[Dataset items]
********

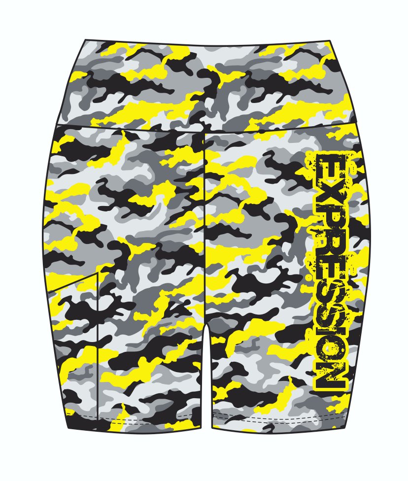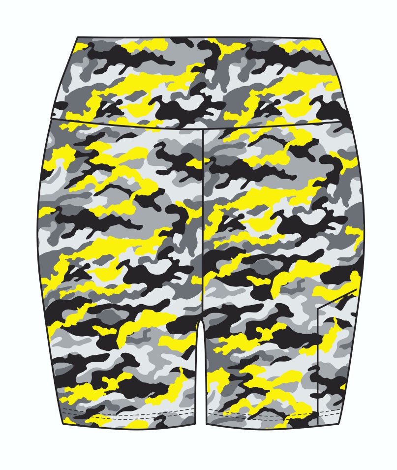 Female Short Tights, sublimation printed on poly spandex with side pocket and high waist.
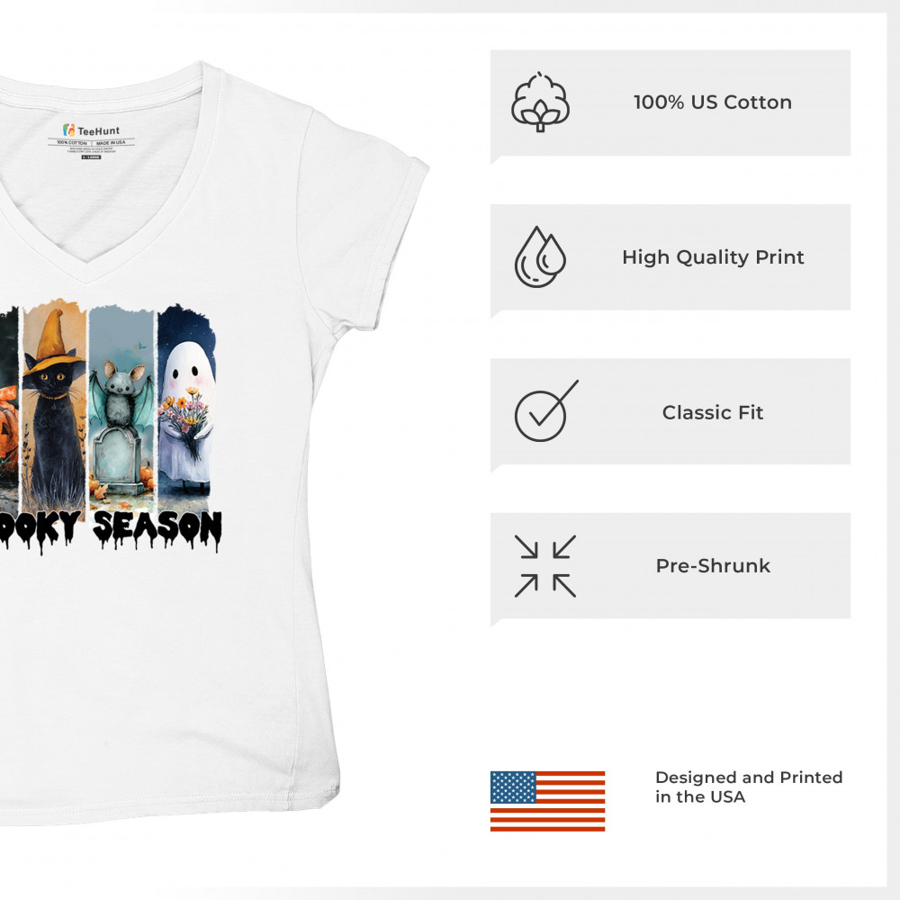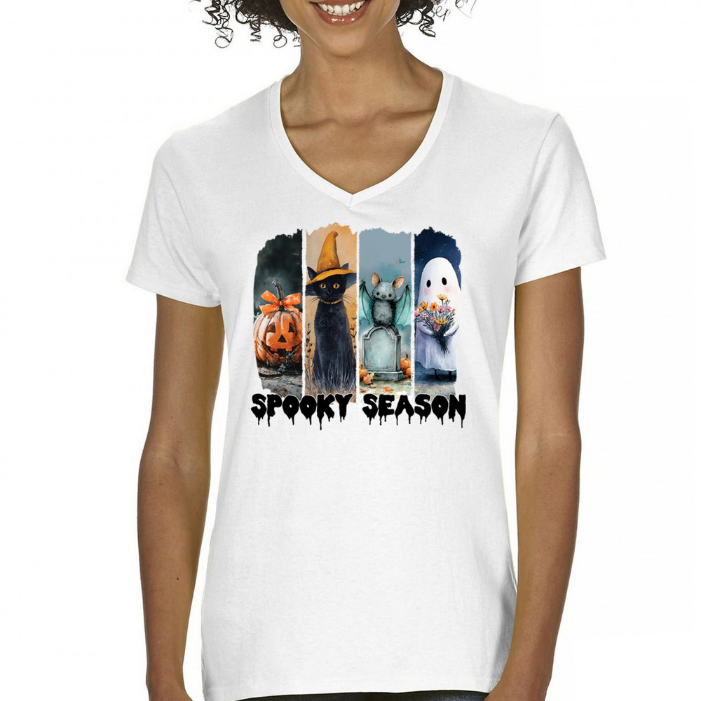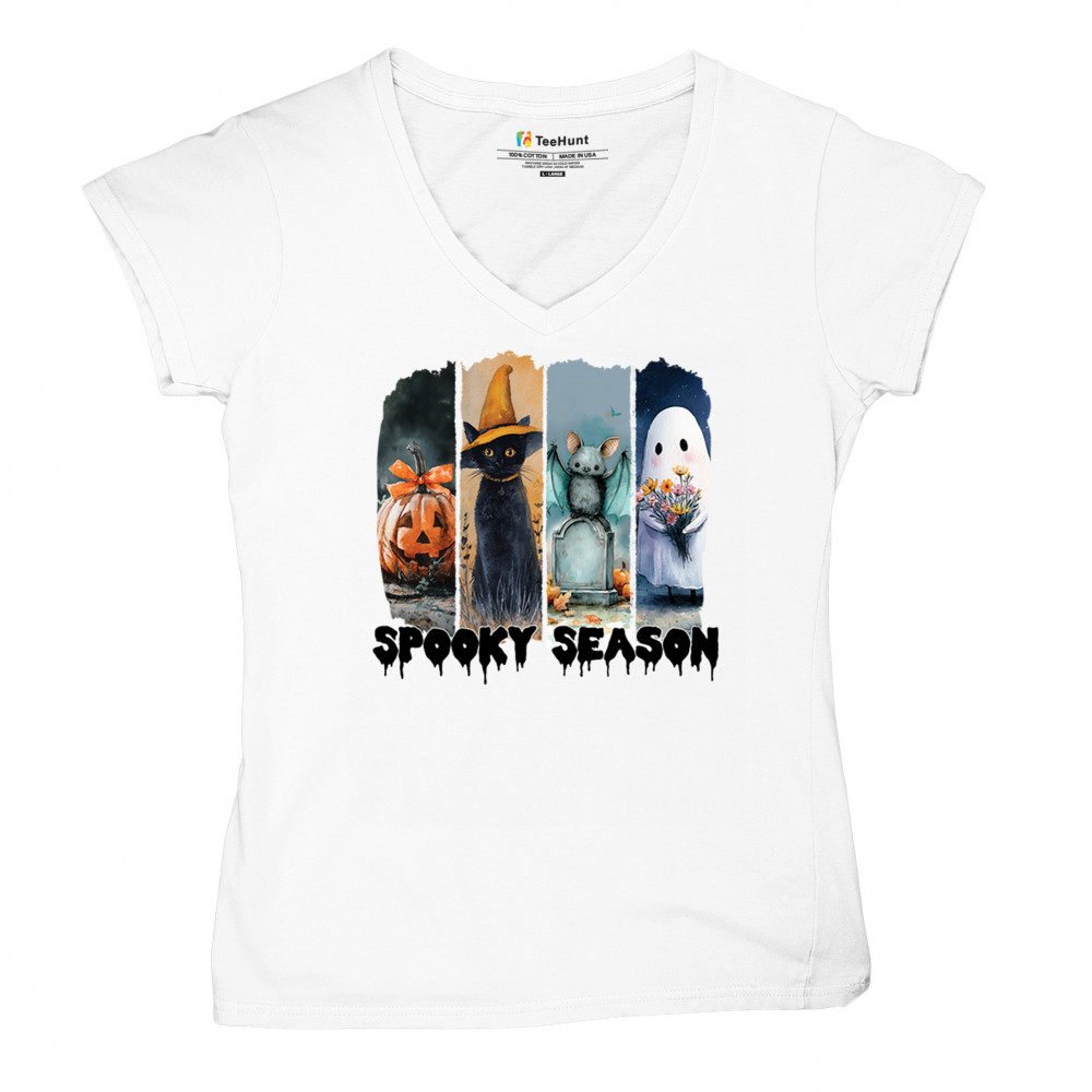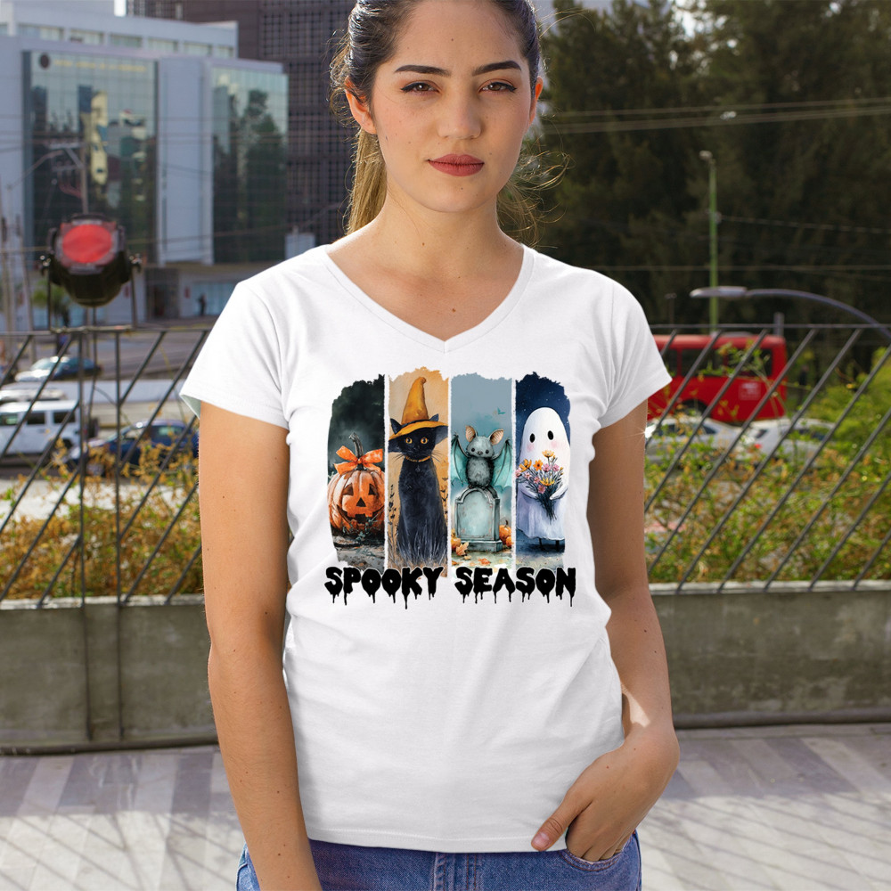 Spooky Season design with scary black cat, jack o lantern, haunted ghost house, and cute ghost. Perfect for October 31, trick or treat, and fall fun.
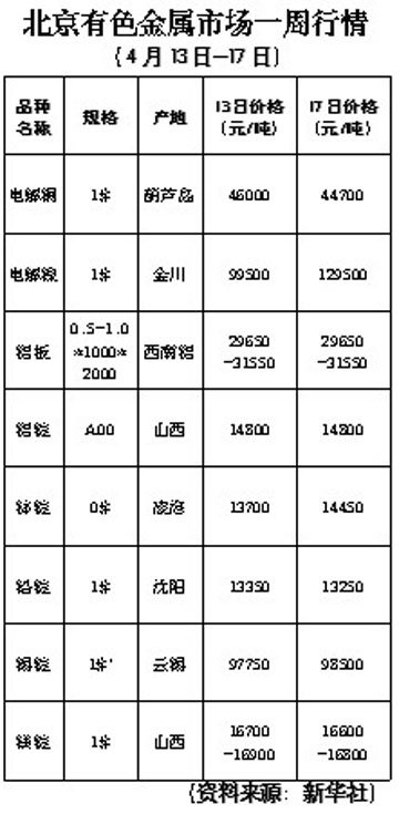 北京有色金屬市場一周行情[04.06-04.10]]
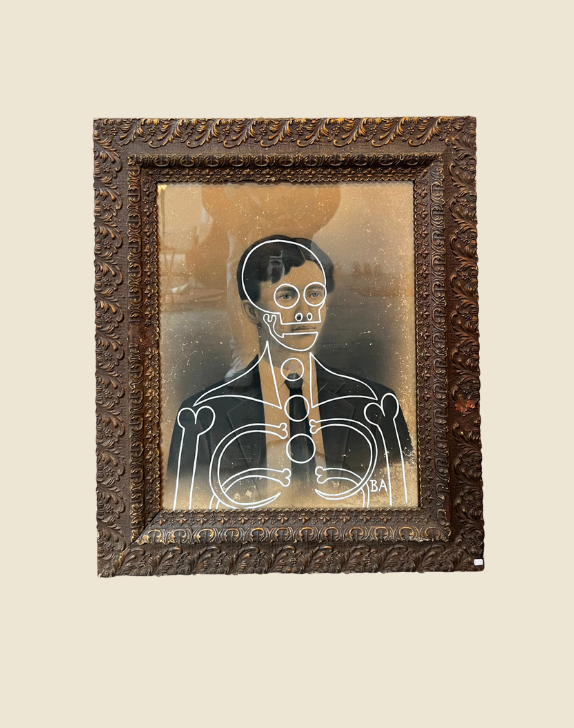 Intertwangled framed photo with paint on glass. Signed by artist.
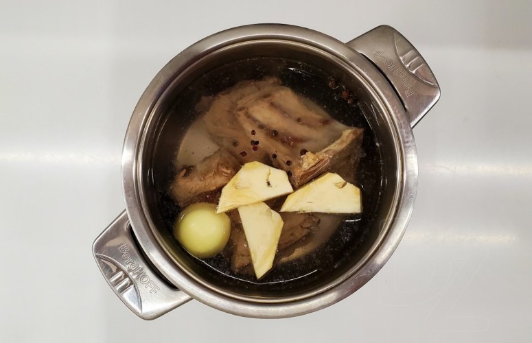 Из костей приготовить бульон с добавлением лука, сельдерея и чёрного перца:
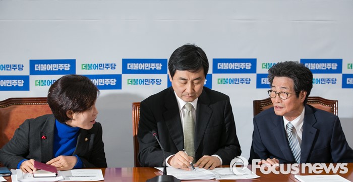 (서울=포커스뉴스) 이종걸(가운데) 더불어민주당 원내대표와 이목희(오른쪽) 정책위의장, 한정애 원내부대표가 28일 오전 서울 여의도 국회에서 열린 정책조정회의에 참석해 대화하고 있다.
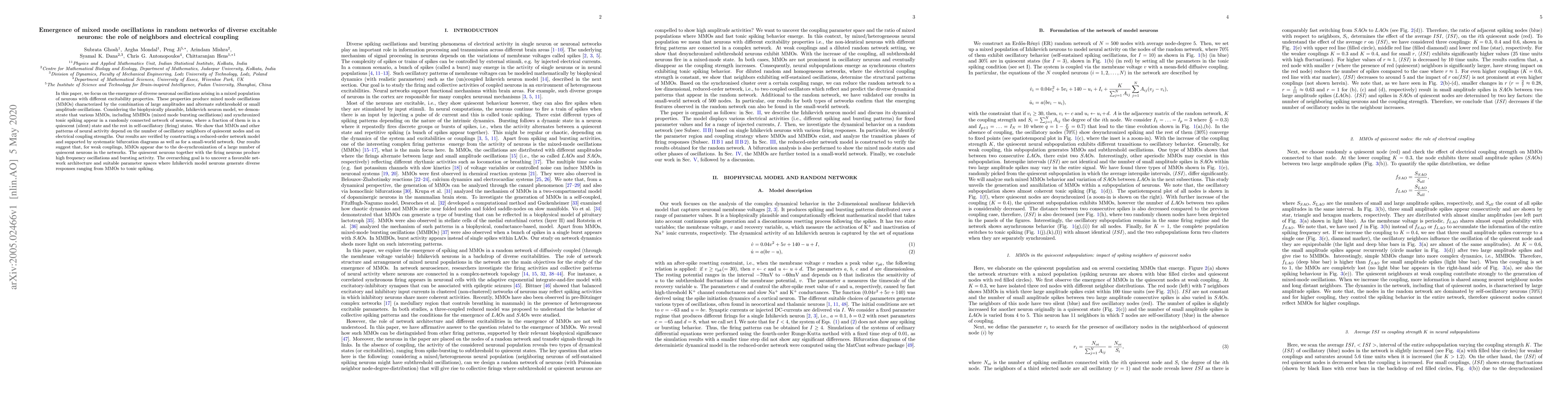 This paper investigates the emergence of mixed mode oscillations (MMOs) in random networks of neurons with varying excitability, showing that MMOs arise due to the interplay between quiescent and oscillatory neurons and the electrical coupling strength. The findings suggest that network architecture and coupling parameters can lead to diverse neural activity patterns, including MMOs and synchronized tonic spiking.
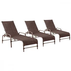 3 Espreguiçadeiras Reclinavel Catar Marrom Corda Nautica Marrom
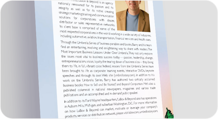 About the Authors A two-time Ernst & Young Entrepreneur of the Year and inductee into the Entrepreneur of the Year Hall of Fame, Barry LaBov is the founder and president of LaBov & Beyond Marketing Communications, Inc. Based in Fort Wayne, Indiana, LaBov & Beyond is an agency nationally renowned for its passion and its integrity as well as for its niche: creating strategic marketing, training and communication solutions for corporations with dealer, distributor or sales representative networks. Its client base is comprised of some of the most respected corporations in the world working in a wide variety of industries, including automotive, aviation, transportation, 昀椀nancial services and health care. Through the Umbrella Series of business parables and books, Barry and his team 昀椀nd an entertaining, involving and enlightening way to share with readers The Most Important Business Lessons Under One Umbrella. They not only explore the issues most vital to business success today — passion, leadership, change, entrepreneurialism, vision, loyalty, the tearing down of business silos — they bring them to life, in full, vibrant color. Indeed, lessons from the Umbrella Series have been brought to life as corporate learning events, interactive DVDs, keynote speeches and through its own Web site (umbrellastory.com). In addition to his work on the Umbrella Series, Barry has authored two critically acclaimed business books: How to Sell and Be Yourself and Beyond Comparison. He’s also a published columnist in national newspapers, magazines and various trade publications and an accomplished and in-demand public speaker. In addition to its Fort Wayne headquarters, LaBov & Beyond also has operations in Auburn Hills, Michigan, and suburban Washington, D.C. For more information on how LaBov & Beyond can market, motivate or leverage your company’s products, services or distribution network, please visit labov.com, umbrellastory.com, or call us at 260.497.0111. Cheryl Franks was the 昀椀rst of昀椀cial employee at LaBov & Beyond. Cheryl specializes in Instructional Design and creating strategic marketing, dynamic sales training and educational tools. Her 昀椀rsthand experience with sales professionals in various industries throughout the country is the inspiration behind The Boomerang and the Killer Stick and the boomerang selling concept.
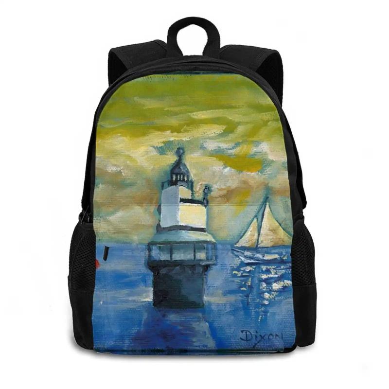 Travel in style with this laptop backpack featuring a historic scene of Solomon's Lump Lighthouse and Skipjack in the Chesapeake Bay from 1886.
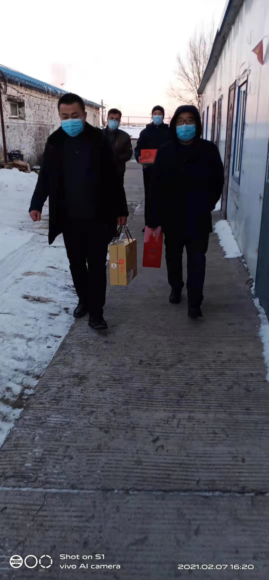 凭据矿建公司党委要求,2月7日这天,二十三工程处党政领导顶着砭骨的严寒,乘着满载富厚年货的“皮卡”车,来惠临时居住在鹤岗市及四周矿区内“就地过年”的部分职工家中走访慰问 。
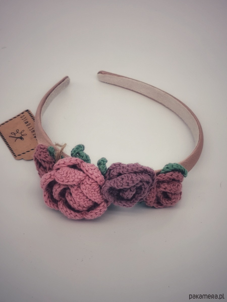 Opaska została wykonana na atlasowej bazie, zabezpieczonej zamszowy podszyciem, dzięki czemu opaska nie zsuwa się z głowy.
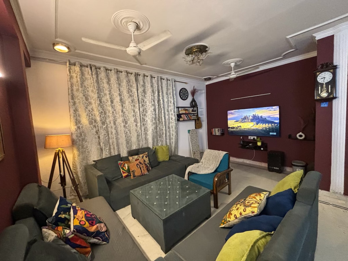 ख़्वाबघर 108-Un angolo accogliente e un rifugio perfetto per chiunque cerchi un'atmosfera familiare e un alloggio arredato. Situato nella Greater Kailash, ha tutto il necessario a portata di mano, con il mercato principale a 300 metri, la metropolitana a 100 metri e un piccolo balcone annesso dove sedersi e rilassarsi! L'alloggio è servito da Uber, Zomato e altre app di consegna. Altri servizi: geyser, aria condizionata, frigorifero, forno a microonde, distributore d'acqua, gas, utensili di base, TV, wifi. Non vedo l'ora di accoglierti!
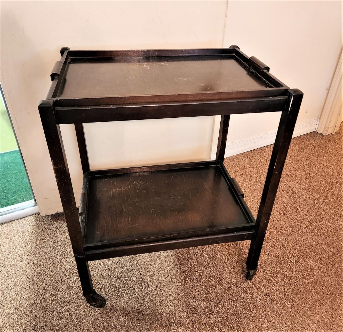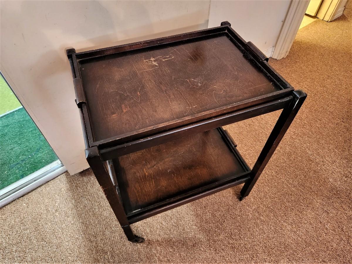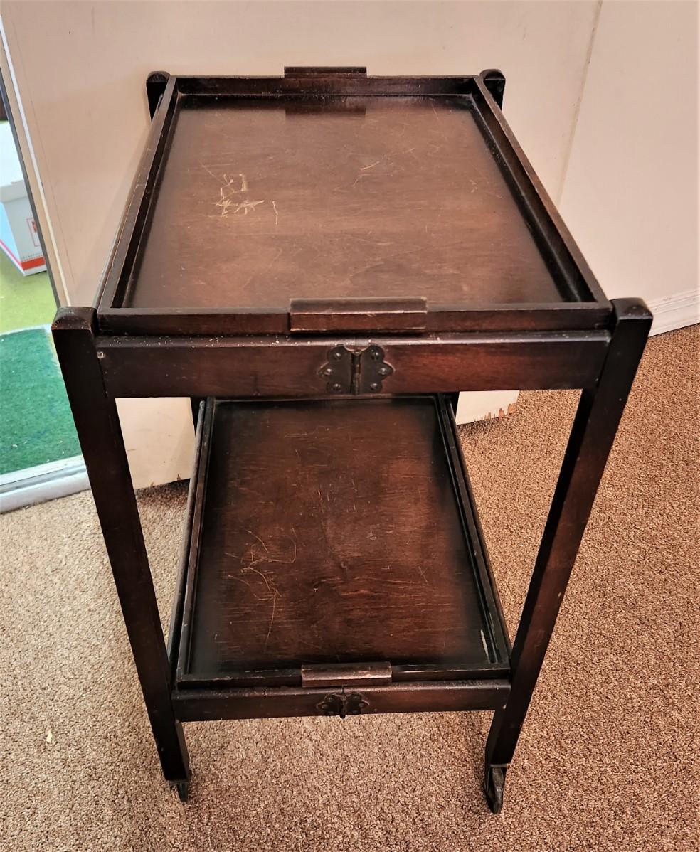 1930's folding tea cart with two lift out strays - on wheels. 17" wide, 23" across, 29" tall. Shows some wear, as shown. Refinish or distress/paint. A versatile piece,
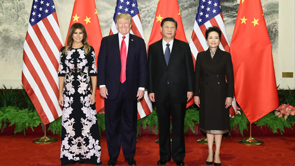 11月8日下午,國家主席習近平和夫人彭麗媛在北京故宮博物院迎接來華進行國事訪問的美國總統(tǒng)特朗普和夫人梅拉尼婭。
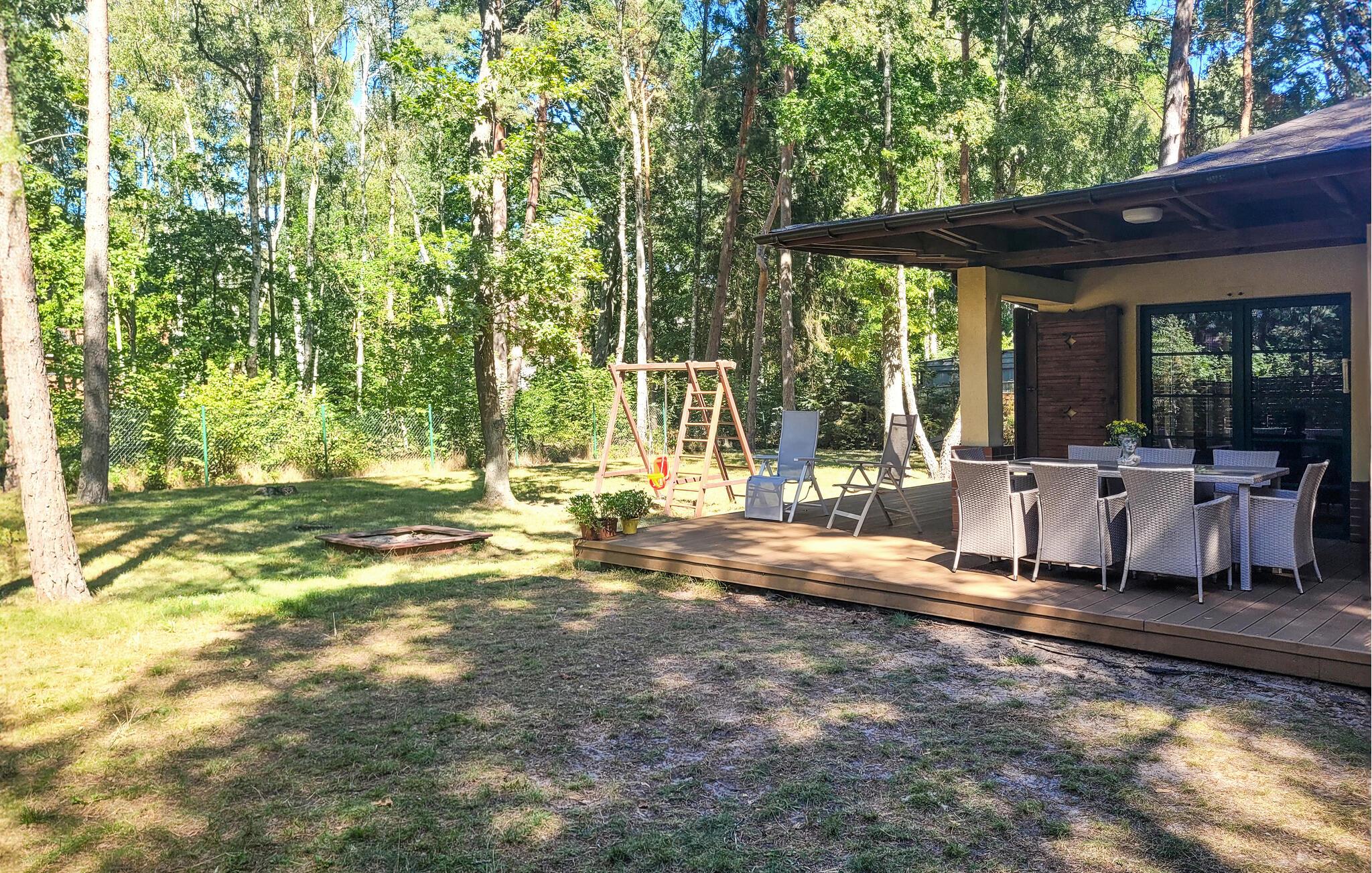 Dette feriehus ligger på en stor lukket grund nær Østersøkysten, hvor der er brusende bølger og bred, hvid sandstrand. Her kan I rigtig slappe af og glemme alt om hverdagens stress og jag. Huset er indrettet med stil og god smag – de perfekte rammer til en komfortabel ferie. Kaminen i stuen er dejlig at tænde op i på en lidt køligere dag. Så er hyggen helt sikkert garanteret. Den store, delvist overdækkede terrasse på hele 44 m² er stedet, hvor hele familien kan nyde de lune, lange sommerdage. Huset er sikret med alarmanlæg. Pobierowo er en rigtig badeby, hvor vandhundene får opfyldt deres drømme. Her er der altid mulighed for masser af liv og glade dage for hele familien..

********

- PROBLEM TO SOLVE: Return only the lines running from the start of the entries above to the line that contains "3 Espreguiçadeiras Reclinavel", inclusive, and omit every picture.

- ANSWER AREA:
 Female Short Tights, sublimation printed on poly spandex with side pocket and high waist.
 Spooky Season design with scary black cat, jack o lantern, haunted ghost house, and cute ghost. Perfect for October 31, trick or treat, and fall fun.
 北京有色金屬市場一周行情[04.06-04.10]]
 Intertwangled framed photo with paint on glass. Signed by artist.
 Из костей приготовить бульон с добавлением лука, сельдерея и чёрного перца:
 (서울=포커스뉴스) 이종걸(가운데) 더불어민주당 원내대표와 이목희(오른쪽) 정책위의장, 한정애 원내부대표가 28일 오전 서울 여의도 국회에서 열린 정책조정회의에 참석해 대화하고 있다.
 This paper investigates the emergence of mixed mode oscillations (MMOs) in random networks of neurons with varying excitability, showing that MMOs arise due to the interplay between quiescent and oscillatory neurons and the electrical coupling strength. The findings suggest that network architecture and coupling parameters can lead to diverse neural activity patterns, including MMOs and synchronized tonic spiking.
 3 Espreguiçadeiras Reclinavel Catar Marrom Corda Nautica Marrom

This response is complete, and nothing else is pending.